Because these are essentially the same type of problems that we did in the Absolute Extrema section we will not be doing a lot of explanation to the steps here. If you need some practice on absolute extrema problems you should check out some of the examples and/or practice problems there.

All we really need to do here is determine the absolute maximum of the profit function and the value of \(x\) that will give the absolute maximum.

Here is the derivative of the profit function and the critical point(s) since we’ll need those for this problem.
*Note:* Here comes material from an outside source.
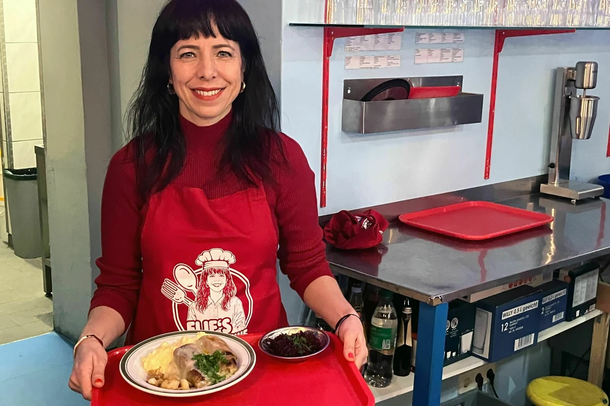 Die Bürgermeisterkandidatin der Linken präsentiert sich den Kameras in Kochschürze mit der Aufschrift „Elif's Kiezkantine“. „Alles muss man selber machen“, scherzt Eralp, während sie den anwesenden Reporter:innen Kohlrouladen mit Kartoffelpüree auftischt.

\[P'\left( x \right) = - 360,000 + 1500x - {x^2} = - \left( {x - 1200} \right)\left( {x - 300} \right) = 0\hspace{0.25in} \Rightarrow \hspace{0.25in}x = 300,\,\,\,x = 1200\] Show Step 2

From the problem statement we can see that we only want critical points that are in the interval \(\left[ {0,1500} \right]\). As we can see both of the critical points from the above step are in this interval and so we’ll need both of them.

Show Step 3

The next step is to evaluate the profit function at the critical points from the second step and at the end points of the given interval. Here are those function evaluations.

\[\begin{align*}P\left( 0 \right) & = 30,000,000 & \hspace{0.75in} & P\left( {300} \right) = - 19,500,000\\ P\left( {1200} \right) & = 102,000,000 & \hspace{0.5in} & P\left( {1500} \right) = 52,500,000\end{align*}\] Show Step 4

From these evaluations we can see that they will need to sell 1200 widgets to maximize the profits.